Re: [PATCH] mm, percpu: do not consider sleepable allocations atomic

Vlastimil Babka <vbabka@xxxxxxx> · Fri, 21 Feb 2025 10:48:28 +0100

On 2/21/25 03:36, Dennis Zhou wrote:
> I've thought about this in the back of my head for the past few weeks. I
> think I have 2 questions about this change.
> 
> 1. Back to what TJ said earlier about probing. I feel like GFP_KERNEL
>    allocations should be okay because that more or less is control plane
>    time? I'm not sure dropping PR_SET_IO_FLUSHER is all that big of a
>    work around?

This solves the iscsid case but not other cases, where GFP_KERNEL
allocations are fundamentally impossible.

> 2. This change breaks the feedback loop as we discussed above.
>    Historically we've targeted 2-4 free pages worth of percpu memory.
>    This is done by kicking the percpu work off. That does GFP_KERNEL
>    allocations and if that requires reclaim then it goes and does it.
>    However, now we're saying kswapd is going to work in parallel while
>    we try to get pages in the worker thread.
> 
>    Given you're more versed in the reclaim side. I presume it must be
>    pretty bad if we're failing to get order-0 pages even if we have
>    NOFS/NOIO set?

IMHO yes, so I don't think we need to pre-emptively fear that situation that
much. OTOH in the current state, depleting pcpu's atomic reserves and
failing pcpu_alloc due to not being allowed to take the mutex can happen
easily and even if there's plenty of free memory.

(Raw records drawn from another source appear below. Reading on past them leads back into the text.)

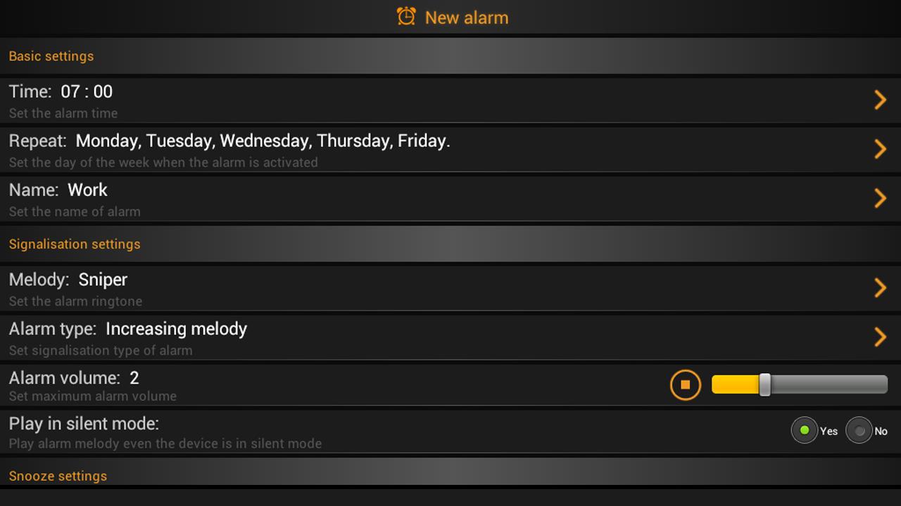 - Alarm snooze time customizable ( 5, 10, 15, 20, 25, 30 minutes and never )
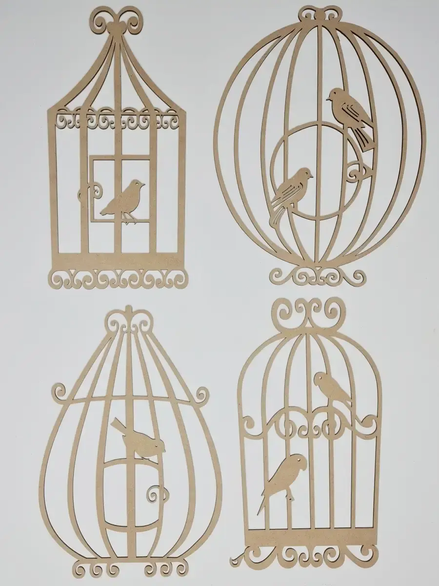 Комплект из четырех панно "Птички в клетке". Настенный декор изготовлен из ХДФ 3 мм. Комплект в цвете "бежевый" не окрашен и имеет естественный цвет материала, подходит для окрашивания в любой необходимый вам цвет. Комплект в коричневом цвете окрашен акриловой эмалью без запаха, абсолютно экологичен. Размер каждой клетки - высота 30 см, ширина +-20 см. Можно использовать в оформлении интерьера, для творчества, для декораций.
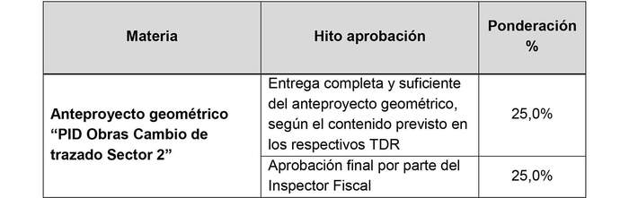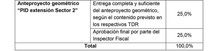 3.3.1 El monto por concepto del desarrollo del Anteproyecto Geométrico que forma parte de los "PID Obras cambio de trazado Sector 2" y "PID extensión del Sector 2", señalado en el numeral 2.1 del presente Convenio, será reconocido el último día del mes conforme a los porcentajes indicados en el siguiente cuadro:
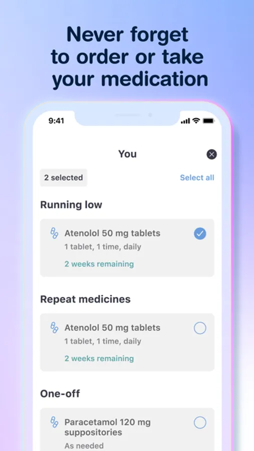 Get a medication reminder with our medicine tracker and know when it's time to order a repeat prescription.
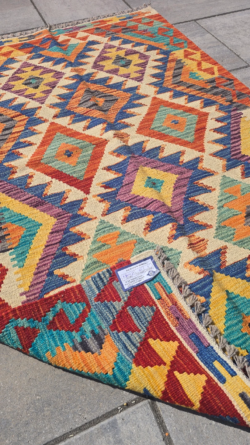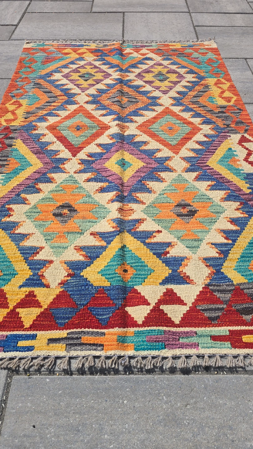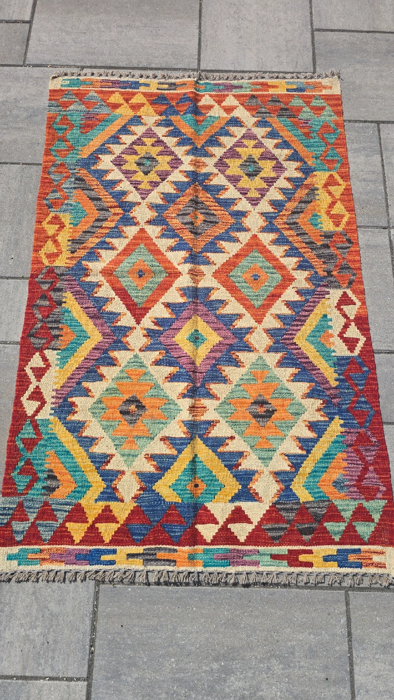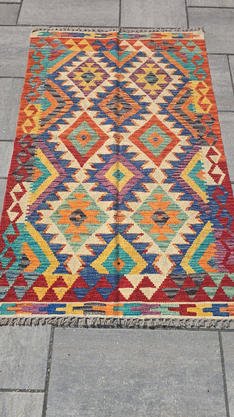 Selling a beautiful Kilim rug with a vibrant geometric pattern. The rug features a variety of colours including red, blue, yellow, and orange. It would be a great addition to any room!
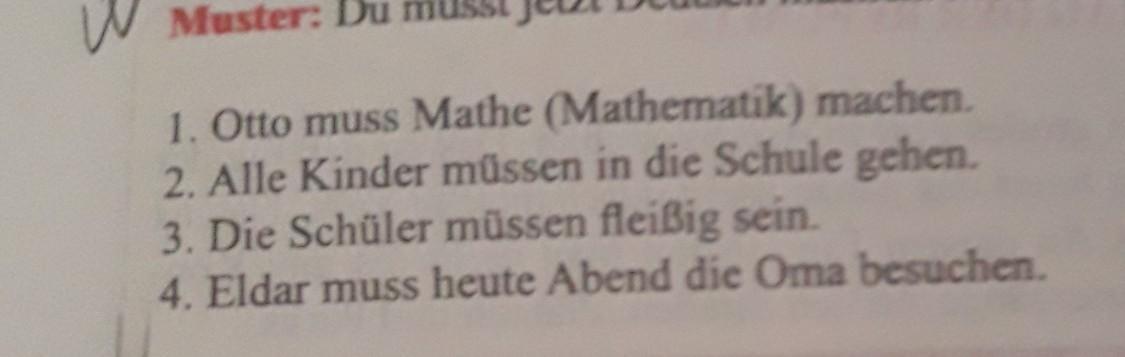 Muster:Du musst jetzt Deutsch machen. Muss du jetzt Deutsch machen?
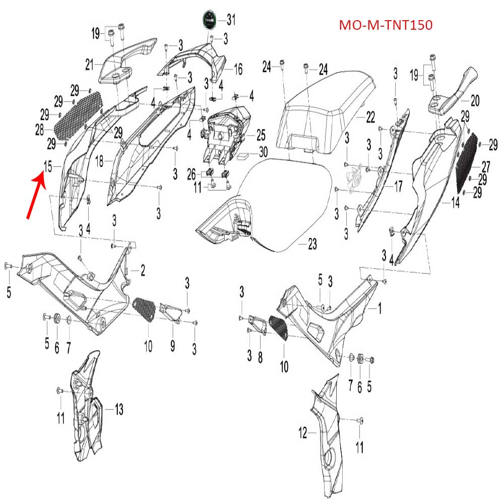 | *Nombre | Covertor trasero derecho blanco con calcomanias (TNT150) |
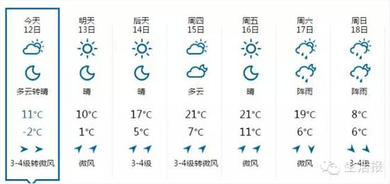 具体天气:12日多云转晴,偏西风3-4级,最高温10℃,最低温度-2℃;13日晴,最高温11℃;14日(周三)开始回暖,最高温17℃;周五气温有望重回“2”字头。
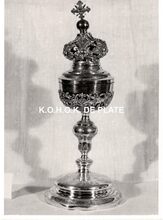 Ciborie uit de eerste helft van de 18e eeuw, is in de katholieke liturgie de kelk waarin de geconsacreerde hosties worden bewaard. In tegenstelling tot de miskelk heeft de ciborie een deksel, waarop doorgaans een rechtopstaand kruisje is bevestigd. Hoogte circa 35 cm
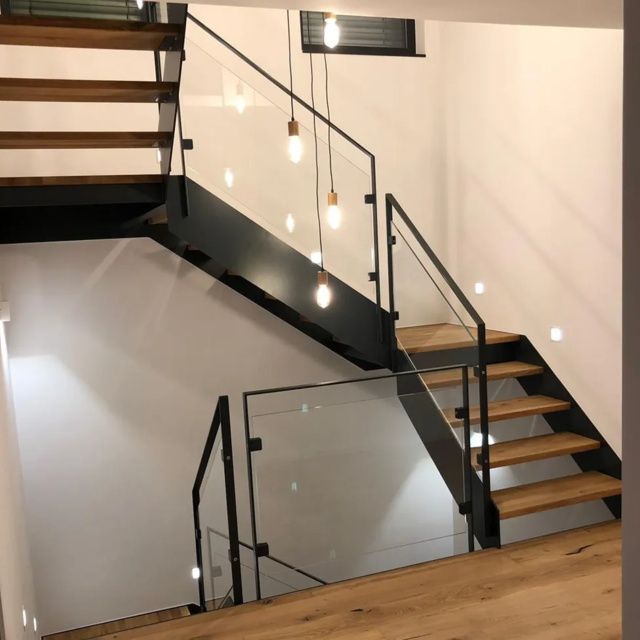 Flachstahlwangentreppen sind moderne Stahltreppen mit einer schlanken, leichten Optik, die durch zwei seitliche Wangen aus flachen Stahlblechen definiert sind. Sie sind äußerst vielseitig in Design und Materialwahl, da sie mit verschiedenen Stufen (oft aus Holz für einen warmen Kontrast) und Geländern kombiniert werden können. Ihr geradliniges Design und die Möglichkeit, sie an unterschiedliche Grundrisse anzupassen, machen sie zu einer beliebten Wahl für den modernen Wohnhausbau.
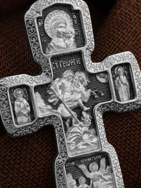 В центральной части оборота креста изображен Георгий Победоносец — покровителем и защитником воинов.
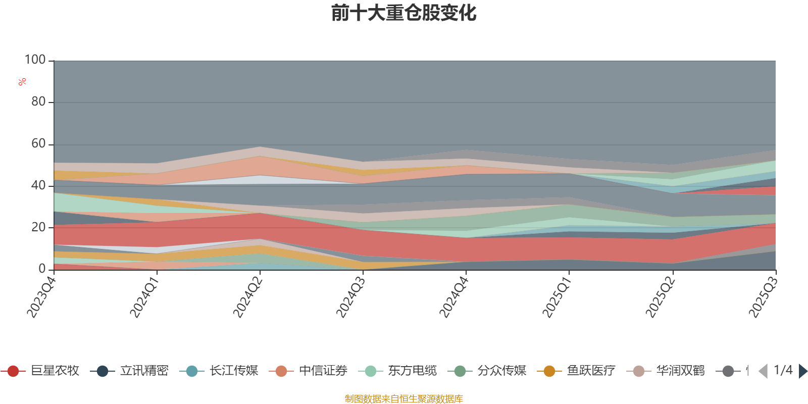 该基金持股集中度较高。截至2025年三季度末,基金十大重仓股分别是宁德时代、成都银行、立讯精密、拓普集团、三环集团、海光信息、保利发展、恒瑞医药、恒立液压、源杰科技。

>    My feeling is that we should add back some knowledge of the
>    dependency so if the worker fails to get pages, it doesn't reschedule
>    immediately. Maybe it's as simple as adding a sleep in the worker or
>    playing with delayed work...

I think if we wanted things to be more robust (and perhaps there's no need
to, see above), the best way would be to make the worker preallocate with
GFP_KERNEL outside of pcpu_alloc_mutex. I assume it's probably not easy to
implement as page table allocations are involved in the process and we don't
have a way to supply preallocated memory for those.

> Thanks,
> Dennis